Battling Big Cola

Parents and health advocates fight to make sure Pepsi is not the choice of a new generation

Mark Winne

Amanda Johnson, 7, demonstrates with her father in front of a Coca-Cola distribution center.

Over the past several years, public school districts have made deals with the likes of Pepsi-Cola and Coca-Cola to keep their school cafeterias operating in the black and to give school principals some extra cash to pay for things like band uniforms. But as one scientific report after another reveals the growing health risks of obesity – especially among children – parents, doctors and nutrition advocates across the nation are marching on their state capitols to demand change. They’ve come to kick out the cola.

Pepsi and Coke are not taking the challenge lying down. Using a page from Big Tobacco’s playbook, Big Cola is pulling out all the stops in a desperate fight to halt state legislatures from enacting tough new nutrition standards for public schools. What’s at stake for the soda companies? Millions of young consumers whose future brand loyalty will be embedded in their malleable cortexes. What’s at stake for the rest of us? A medical bill for obesity-related illnesses that, according to the Center for Disease Control, now stands at $93 billion per year, or 9.1 percent of all U.S. medical expenditures.

Connecticut is the most recent state where citizens have started wondering why their schools are being used as junk food feeding tubes. Under the leadership of Democratic State Senator Donald E. Williams, president pro tempore of the Connecticut Senate, and Lucy Nolan, executive director of End Hunger Connecticut!, both houses of the state legislature have passed by overwhelming margins the toughest school nutrition standards in the country. If Republican Governor M. Jodi Rell signs the bill (as In These Times went to press, a gubernatorial veto was possible), no child will be able to buy a sugary beverage in a Connecticut public school. Instead of agonizing over whether to push the Coke or Pepsi button on school vending machines, little Johnny will only be able to choose from bottled water, 100 percent fruit juice or unsweetened milk. 
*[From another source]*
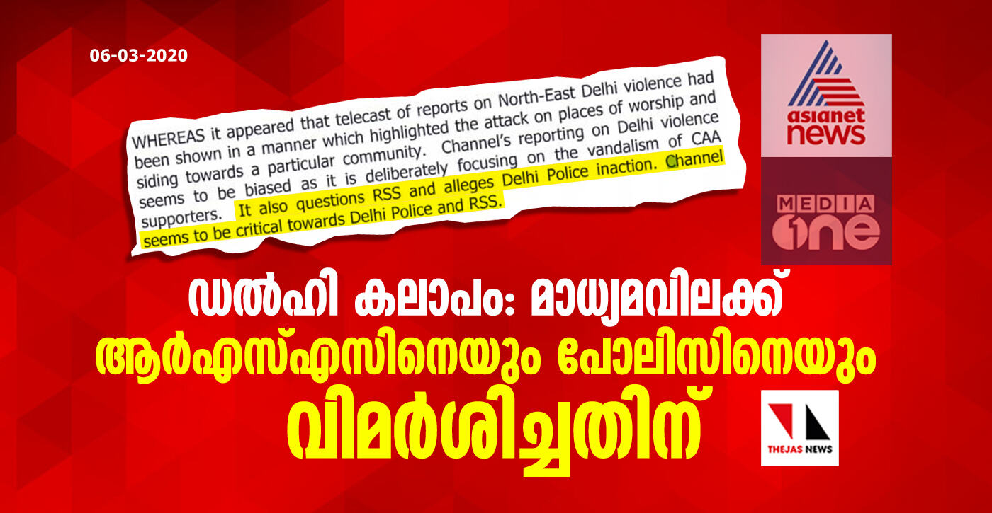 ഡല്ഹി കലാപം: മാധ്യമവിലക്ക് ആര്എസ്എസിനെയും പോലിസിനെയും വിമര്ശിച്ചതിന്

While Johnny may pout for a while, he may be pleased years later when he hasn’t joined the ranks of the 65 percent of American adults who are now overweight. And Connecticut and U.S. taxpayers may also rejoice when the obesity-related illness portion of Medicaid and Medicare expenditures, which currently stands at $665 million annually in Connecticut alone, begins to decline.

But as Williams and Nolan have learned, anyone who goes up against the carbonated commandos of Big Cola faces an uphill battle. In spite of a statewide opinion poll conducted by the Connecticut Center for Research and Analysis that showed 70 percent of the state’s citizens supporting a school soda ban, Pepsi-Cola and Coca-Cola have each hired the state’s most powerful and connected lobbyists to fight the reform efforts. With combined lobbying fees that approach $150,000 (a small portion of which is also being used to defeat yet another soda industry nemesis, a stricter bottle return law), Big Cola’s hired guns have been stalking the halls of Connecticut’s state capitol, disseminating misinformation and dissembling the issue. Like Iago whispering into the ear of Othello, they have told legislators that the food and beverage menu of local schools is none of their business. According to Nolan, they are saying that what children eat should only be decided by school boards and parents. They have even gone as far as to suggest that state government is disempowering children by taking away their opportunity to buy junk food in school.

Big Cola succeeded in obfuscating the issue so well that Connecticut’s House of Representatives debated the soda ban for an astounding eight hours – far more time than they devoted to any other issue this session, including the nation’s first legislatively authorized same-sex civil union bill and a failed attempt to outlaw state executions. End Hunger’s Nolan, a mother of three school-age children, credits Williams for standing strong in the face of unrelenting lobbying pressure. You have to be willing to go up against the state’s toughest lobbyist,” Nolan says. Just look at how much money they spent!” 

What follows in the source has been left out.